A Limit in Mathematics: Definition, Types, and Examples

What is a limit in mathematics?

Suppose f(x) is a function that is defined in a specific interval around a point c, except possibly at c itself. The limit of f(x) as x approaches c is thus L, written lim x → c = L. For any positive number ε (ε > 0), there exists a positive number δ (δ > 0) such that |f(x) – L| < ε for all x in the interval (c – δ, c + δ) except possibly at c.

In other terms, for any small positive value epsilon (ε), we can find a small positive value delta (δ) such that whenever the distance between x and c is less than δ, the distance between f(x) and L is less than ε.

Types of Limit

There are many types of limits, but some of the most common types are:

1.     One-sided limit: A one-sided limit is a function’s limit when its input approaches a certain value from either the left or right side limit.
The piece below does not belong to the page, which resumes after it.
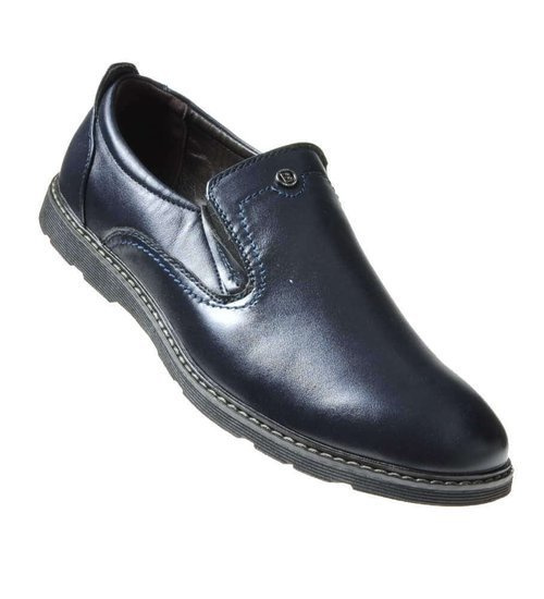 Wsuwane ażurowe męskie półbuty Granatowe /B5-3 17867 T398/

It allows us to examine the behavior of the function specifically from one direction. It is denoted as lim x → c– or x → c+, representing the limit as x approaches c from the left side or right side, respectively.
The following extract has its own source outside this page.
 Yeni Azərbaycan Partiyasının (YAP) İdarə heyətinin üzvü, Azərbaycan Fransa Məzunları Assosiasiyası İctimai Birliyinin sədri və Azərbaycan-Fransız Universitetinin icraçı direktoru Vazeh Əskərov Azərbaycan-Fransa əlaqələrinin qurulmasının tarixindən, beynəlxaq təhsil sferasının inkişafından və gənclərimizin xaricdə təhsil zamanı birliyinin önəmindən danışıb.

2.     Two-sided limit: A two-sided limit is the limit of a function f(x), as it approaches a specific value c from both the left and right sides simultaneously. For a function f(x), the two-sided limit as x approaches a specific value c, denoted as lim x → c f(x), requires evaluating the behavior of the function as x approaches c from both from the left side (x < c), and from the right side (x > c).
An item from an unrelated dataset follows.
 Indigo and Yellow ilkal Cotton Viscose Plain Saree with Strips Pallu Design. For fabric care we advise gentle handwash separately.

3.     Infinite Limit: Infinite limit occurs when the value of a function approaches positive or negative infinity as the input approaches a certain value. It is written as lim x → c f(x) = ± ∞.

4.     Limit of Infinity: Limits at infinity describe the behavior of a function as the input values become arbitrarily large or small. It can be written as lim x → ∞ or lim x → – ∞, expressing the limit as x approaches positive or negative infinity, respectively.

5.     Discontinuities: Discontinuities are points at which a function is not continuous.

Characteristics of limit 

A few essential properties of the limit are given below:

Addition and Subtraction properties of limit

The sum or difference of the limits of two functions is equal to the sum or difference of their sum. Mathematically, if lim x→ c f(x) and lim x→ c g(x) exist then,

                             Lim x→ c [f(x) ± g(x)] = Lim x→ c [f(x)] ± Lim x→ c [g(x)]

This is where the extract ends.